Other protective strategies include forming close bonds with specific males who will act as bodyguards, staying near the center of the group where infants are harder to isolate, and in some species, physically mobbing an attacking male as a coalition of females.

When It’s Not Strategic at All

Not every case of infant killing fits neatly into an evolutionary framework. Some instances appear to be genuinely non-adaptive, or what researchers have called pathological. These may occur during periods of intense social upheaval, extreme stress, or in situations where normal social structures have broken down.

Habitat loss is making this worse in some populations. Southern pig-tailed macaques living in a mosaic of rainforest and oil palm plantation in Malaysia experience 57% infant mortality. Infants whose mothers spent more time than average in plantation areas were three times less likely to survive, facing threats from predators unfamiliar to them, human-wildlife conflict, agricultural chemicals, and heightened aggression within the group.

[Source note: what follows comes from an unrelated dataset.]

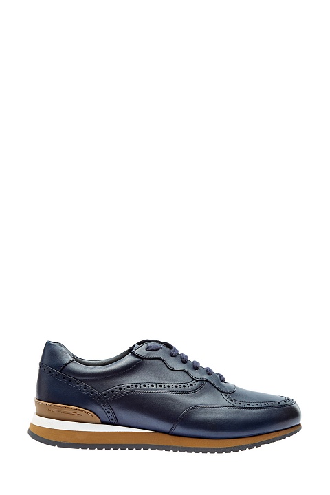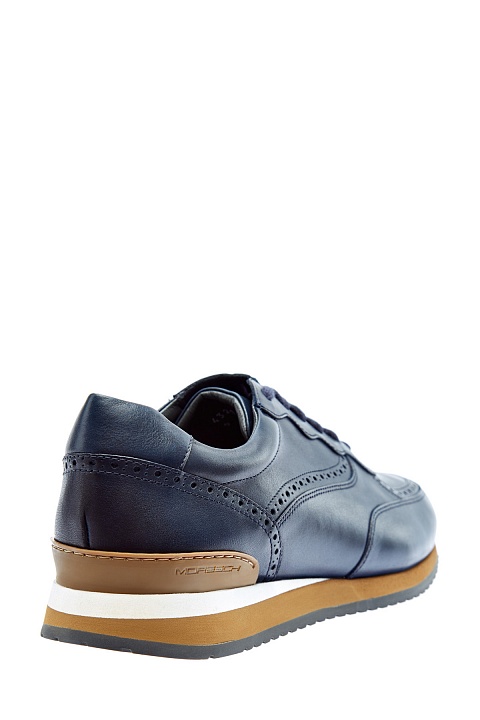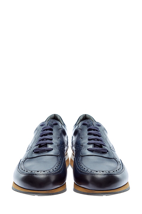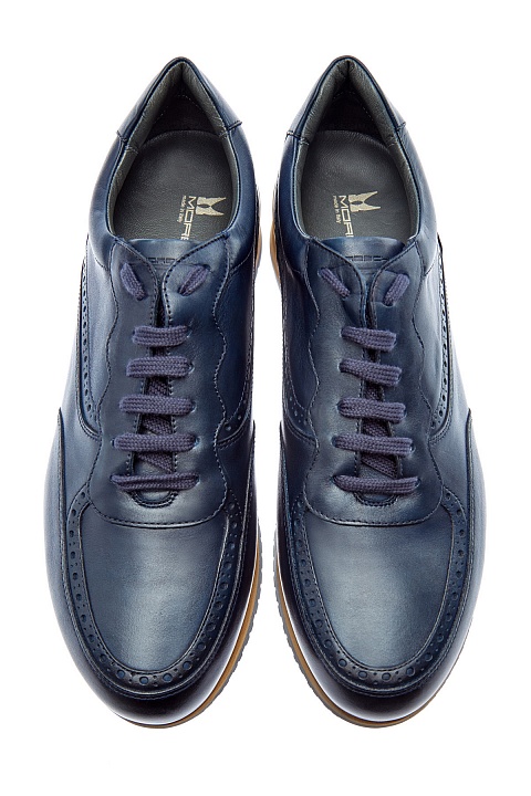 Стильные кроссовки от Moreschi из матовой телячьей кожи. Глубокий темно-синий оттенок достигнут мастерами бренда вручную. Брогированная отделка придает дизайну элемент классики, а массивная двухслойная подошва создает динамичный силуэт. Детали: фактурный рисунок протектора, внутренняя отделка из кожи, шнуровка в тон. Сделано в Италии.

While not all of these deaths are infanticide, the stress and disruption of degraded habitats can amplify the conditions under which lethal aggression toward infants occurs.

Why Evolution Doesn’t Prevent It

It can seem paradoxical that natural selection would favor killing babies, since those babies carry the species’ genes forward. But evolution doesn’t operate at the level of the species. It operates at the level of the individual. A male who kills an unrelated infant and replaces it with his own gains a direct genetic advantage over males who wait patiently. Over thousands of generations, that advantage compounds, which is why infanticide is not a quirk of one or two species but shows up across dozens of primate species, from langurs and gorillas to howler monkeys and chimpanzees.

The same logic applies to females. A mother who eliminates a rival’s offspring and secures better resources or social standing for her own young will, on average, leave more surviving descendants than one who doesn’t. The behavior persists because, in the cold arithmetic of reproductive success, it works.